After the 2014 Finance Act which was assented to by the President in September, the government re-introduced CGT at 5 per cent on gains realised from the transfer of property as well as gains from sale of shares in the stock market. The 5 per cent capital gain tax is considered much lower compared to that charged in neighbouring countries.

In Tanzania and Uganda CGT is charged at 30 per cent. The Eighth Schedule of the Income Tax Act appoints stock brokers as the collecting agents of capital gains tax on sale of shares.

But there is a challenge; stock brokers say they lack the legal capacity to withhold as well as the technical capacity to determine the amount payable due to the large volume of shares traded and imperfect information about the shares. For example, the time of purchase and the price especially because some shares are acquired through bonus and rights' issue.

Through their umbrella organisation, the Kenya Association of Stockbrokers and Investment Bankers, the stock brokers unsuccessfully sought legal redress at the High Court to review these bottlenecks and address fears that the CGT would ward off investors from the stock market.

They claimed there was a steady decline in trade with investors considering a move to alternative markets. The stock brokers have since moved to the Court of Appeal to appeal against the decision.

It remains to be seen on the next steps to be taken in the implementation of the CGT and its potential implications on the attractiveness of the real estate and the stock market to investors with stakeholders fearing that it would ward off investors from these sectors and reverse the gains made.

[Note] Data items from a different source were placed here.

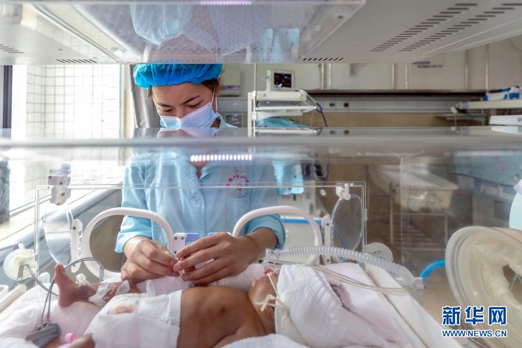 5月11日,護士在貴州省黔西市人民醫(yī)院新生兒科為患兒做晨間護理。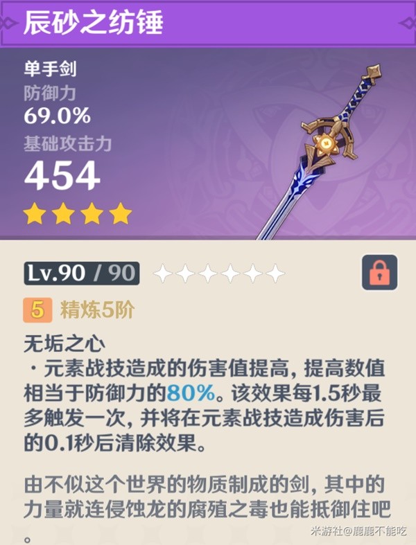 那么千织的五星武器首选自然是有乐御簾切,542/88.2%爆伤的面板以及技能特效中相当于常驻的20%防御力、48%战技增伤都十分契合千织的技能组,虽然还有32%的普攻加成基本只有六命千织才能用到,但即使忽视普攻增伤,其对于低命千织而言仍然是最优解。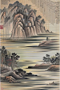 (best quality, masterpiece, ultra high resolution),depth of field,(day:1.2), (cinematic lighting:1.2), painting,lakeside,

With the planned launch of the derivatives market at the Nairobi Securities Exchange, the reintroduction of CGT might lead to slow growth of the market as an alternative investment avenue by keeping away investors.

Capital Gains Tax coupled with brokerage fees which currently stands at 1.8 per cent to 2 per cent erode the profit margins of investors which would thus scare them into seeking alternative investment avenues at a time when the Government needs to support the development of Nairobi Securities Exchange's new segment.

The real estate sector in the country has grown tremendously over the past few years with more and more investors entering the market, attracted by huge profit margins in the sale of property in major towns across the country.

Consequently, property prices in major cities and towns across the country have gone through the roof beyond the reach of a majority of Kenyans.

The real estate sector therefore provides an attractive avenue for the Government to collect additional revenue to plug the budget deficit. This may, however, have detrimental effects to individuals seeking to purchase properties in the country because the CGT could be passed on to them in the form of higher prices as the sellers cushion their profit margins.

The reintroduction of CGT, in my opinion, holds mixed fortunes for the country. On the positive side, the Government will raise additional revenue, on the other side, it could result in reduced activity in the Nairobi Securities Exchange as well as push up the already high property prices.

To address this, the government ought to involve all stakeholders while implementing CGT and at the same time, educate and sensitise investors on CGT.